Önemli olan sadece Amerikan halkının borsaya olan genel ilgisi değil. Ülkenin bölünmüş seçim ortamı, bir çöküşten en çok kimin etkileneceğini ve yatırımcıların bu konuda nasıl hissettiklerini değiştirdi. Connecticut Milford’da finansal planlamacı olan David Zavarelli, sol eğilimli müşterilerinin sağ eğilimli olanlara kıyasla gerileme konusunda daha endişeli olduğunu söylüyor. “Meslekte geçirdiğim 18 yıl boyunca ilk kez böyle bir durumla karşılaşıyorum” diyor. Varlık yönetimi firması The Mather Group’tan Brian Schmehil, “Müşterilerin nasıl tepki verdikleri, ne kadar risk aldıklarından ziyade son seçimlerde kime oy verdikleriyle ilgili” diyor. Bu tür anekdotlar tüketici güveni verilerine de yansımakta olup, bu veriler ortalamada düşüş göstermenin yanı sıra partizan çizgiler arasında her zamankinden daha keskin bir şekilde bölünmüş durumdadır. Seçimlerden bu yana Demokratlar ekonomi konusunda olağanüstü karamsarlaşırken, Cumhuriyetçiler iyimserliğini koruyor.
Maviler kırmızıda
Değişen oy verme kalıpları acıların dağılımını da değiştirmektedir. Yılda 50.000 doların altında gelir elde eden Amerikalıların Cumhuriyetçi olma ihtimali Demokratlardan daha yüksek. Bu arada, yüksek eğitimli, profesyonel seçmenler son yıllarda mavi tarafa doğru kaymıştır. Amerikan borsa serveti yüksek gelirliler arasında yoğunlaşmıştır: hisse senetlerinin ve yatırım fonu hisselerinin yaklaşık %87’si, emlak servetinin sadece %57’sine kıyasla, en yüksek gelire sahip %20’lik kesime aittir.

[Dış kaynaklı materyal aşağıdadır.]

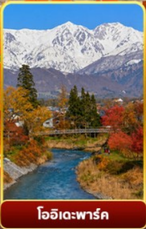
โออิเดะพาร์ค

On ya da iki yıl önce borsadaki bir satış en çok Cumhuriyetçiler için acı verici olurken, bugün en kötü etkilenenler Demokratlar.
Bu durum Trump yönetiminin rahat duruşunu açıklamaya yardımcı olabilir. Daha yoksul bir seçmen kitlesi borsadaki düşüşlere daha az maruz kalıyor ve bu düşüşleri, örneğin Trump’ın gümrük vergilerinin getireceğini iddia ettiği imalat rönesansını gerçekleştirmek için ödenmeye değer bir bedel olarak görmeye daha yatkın olabilir. Sorun şu ki, daha zengin Amerikalıları üzmenin, siyasi sonuçları daha az şiddetli olsa bile, sonuçları olacaktır. 2019’un sonundan bu yana Amerikalıların en zengin beşte birinin tüketimi %50’den fazla artarken, ülkenin geri kalanındaki artış %20’de kaldı. Gerçekten de geçtiğimiz yıl tüketici harcamalarındaki büyümenin neredeyse tamamını en zengin beşte birlik kesim oluşturdu. Eğer üyeleri bir sonraki Robinhood kontrollerinde çok fazla kırmızı görürlerse, Cumhuriyetçiler de dahil olmak üzere tüm ülkeyi kötü bir sürpriz bekliyor olabilir.